# Toner... is it needed?



## InSearchOfPerfectSkin (Feb 21, 2016)

I was watching Dimitri from Skinn Cosmetics on Evine today.  He was saying that if products do what they should, toners are not needed nowadays, and that it is an old way of doing things.  What do you guys think?  I've been using Pixi Glow Tonic and enjoy it, but I think I am hoping for some sort of miracle that will reduce dark spots, and just tone things out!  Let me know, thanks in advance!


----------



## Monsy (Feb 21, 2016)

yes toner is needed after cleanser to bring back ph of the skin  

and no toner will help with dark spots you need some good serum for that (lancome, clarins, clinique have good ones)


----------



## InSearchOfPerfectSkin (Feb 22, 2016)

Monsy said:


> yes toner is needed after cleanser to bring back ph of the skin
> 
> and no toner will help with dark spots you need some good serum for that (lancome, clarins, clinique have good ones)



Thanks so much!  I will start doing my research on those serums today!  A serum should be applied after the toner, correct?


----------



## shellygrrl (Feb 22, 2016)

InSearchOfPerfectSkin said:


> I was watching Dimitri from Skinn Cosmetics on Evine today.  He was saying that if products do what they should, toners are not needed nowadays, and that it is an old way of doing things.  What do you guys think?  I've been using Pixi Glow Tonic and enjoy it, but I think I am hoping for some sort of miracle that will reduce dark spots, and just tone things out!  Let me know, thanks in advance!



There are hydrating/refreshing toners (probably what Dimitri was referring to) and exfoliating/acid toners. Hydrating or refreshing ones do just that: they give your skin a bit of refreshment. Most of those come in spray form. Acid toners have AHAs (alpha hydroxy acids), which chemically exfoliate the top layer of skin. (Examples are glycolic acid, lactic acid, and mandelic acid.) Some instead have a BHA, or beta hydroxy acid (salicylic acid is the only known one).

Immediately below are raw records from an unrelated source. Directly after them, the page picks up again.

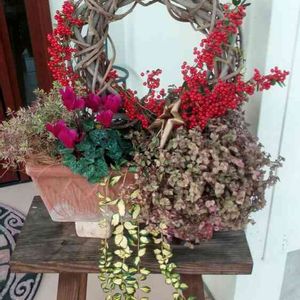 今日のお花、クローバーをいれた寄せ植え😊 (シクラメン、クローバー、アジュガ、初雪カズラ) ロハスで作ったリースも色付いてきたかな⁉️ 虹の玉がもっと紅葉🍁してくれるのを待ってます🙏
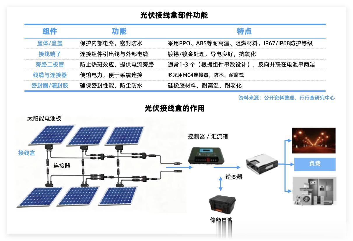 结构主要包括:盒体(密封防尘防水)、盒盖(通常为透明或阻燃材料)、二极管(肖特基或快速恢复二极管)、线缆(耐紫外线、耐低温)及连接器(MC4等标准接口)。
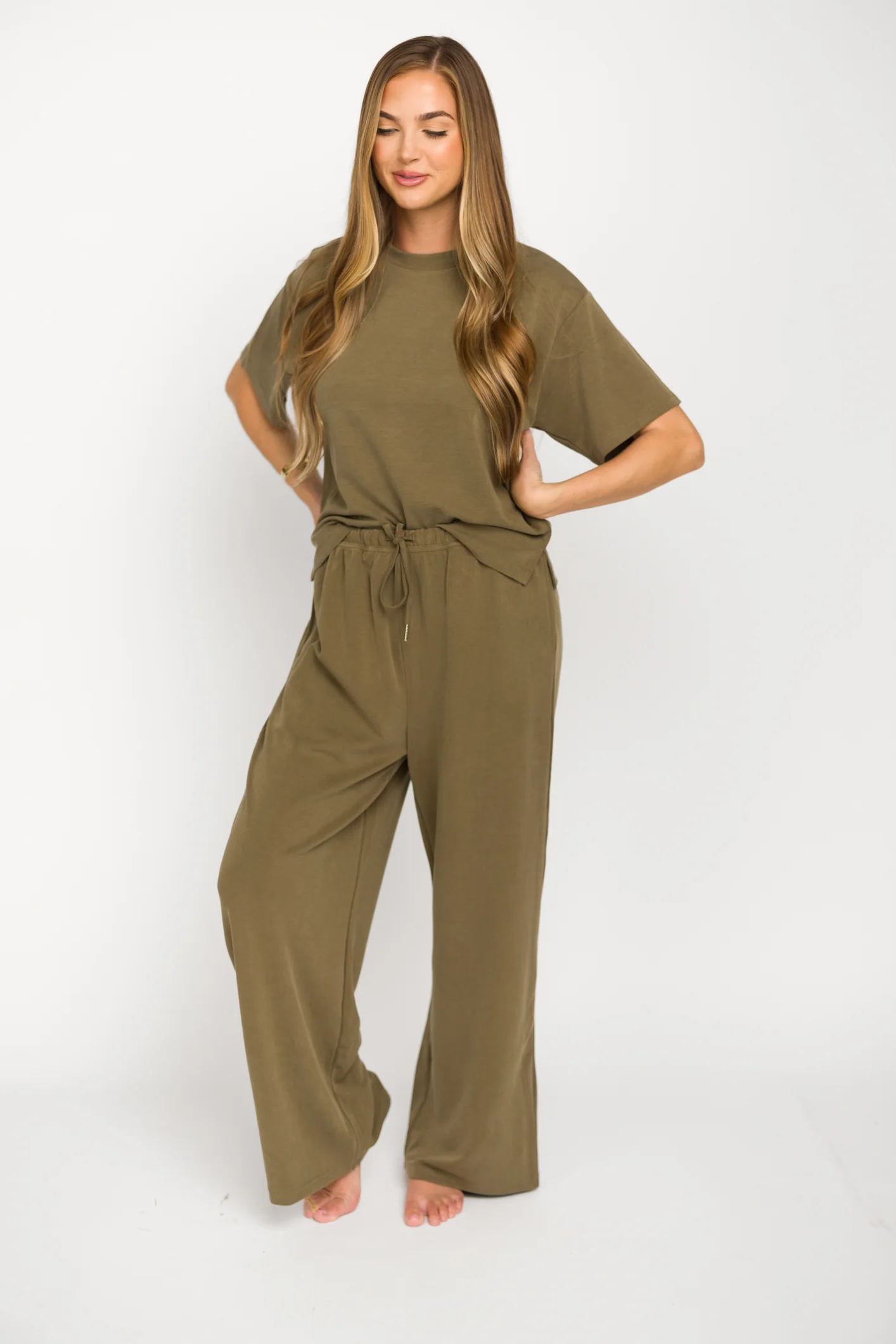 Macy Loose Fit T-Shirt and Wide Leg Pant Set in Sage
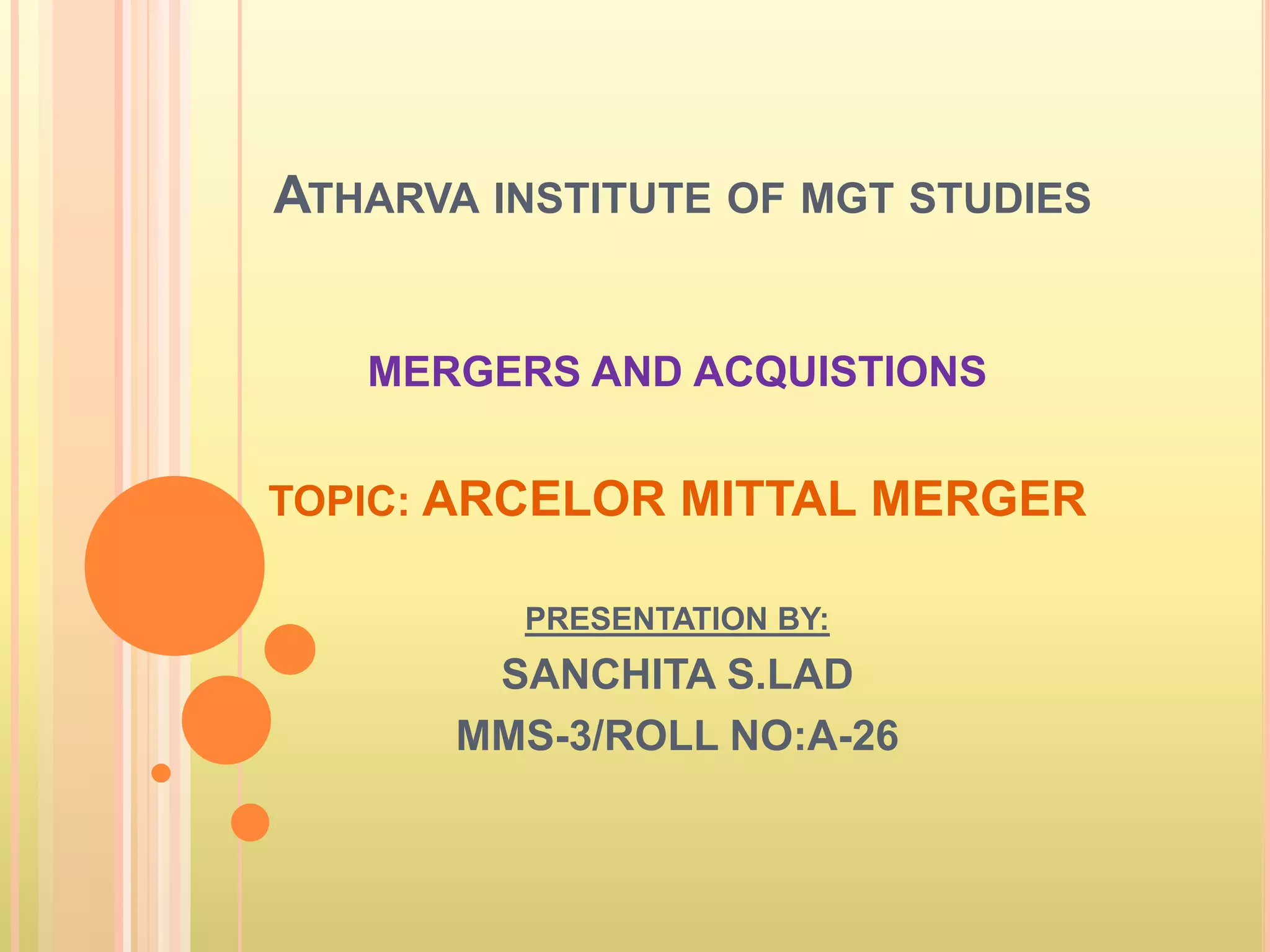 Arcelor Mittal is the world's largest steel company formed by the 2006 merger of Arcelor and Mittal Steel. Arcelor was the largest steel producer in Europe while Mittal Steel was one of the world's largest. The $33 billion merger combined the two companies to form ArcelorMittal with global steel production of 10% and over 300,000 employees. While the merger created scale efficiencies, the combined company struggled with integration challenges and was heavily impacted by the global recession in its early years.

Anyhoo, Monsy is right: a toner (more specifically, an acid toner) will help restore the skin's pH balance after cleansing. Pixi Glow Tonic is in that category.


----------



## InSearchOfPerfectSkin (Feb 22, 2016)

Thank you so much!  Will be picking up my bottle of Pixi immediately!


----------



## leonah (Feb 23, 2016)

I love pixi glow tonic and nip+fab glycolic pads they are both amazing and I usually rotate between them. but be sure to moisture well after and your skin will be glowy


----------



## InSearchOfPerfectSkin (Feb 23, 2016)

Thank you!!!


----------



## Chelsssea (Feb 23, 2016)

I use diluted Apple Cider Vinegar


----------



## InSearchOfPerfectSkin (Feb 23, 2016)

Thank you!


----------



## Mixxi (Mar 30, 2016)

The main function of toner is to tighten the pores after cleansing (especially if done with warm water). However, a splash of cold water will essentially do get same thing. I use toner with Rose oil in to soothe my skin but that is all it is: Rose oil and water!


----------



## shellygrrl (Apr 14, 2016)

Pores don't shrink. Their appearance can be reduced, though.


----------



## Mixxi (Apr 15, 2016)

Pores do open up or loosen very slightly when hot or warm water is used on them and something cold returns them to normal. They can also appear slightly bigger in hot weather. At least this is what I was taught when I worked for a cosmetics company though this was 5 years ago so that info may be outdated. Lately, I hear more about toners balancing PH levels in the skin.


----------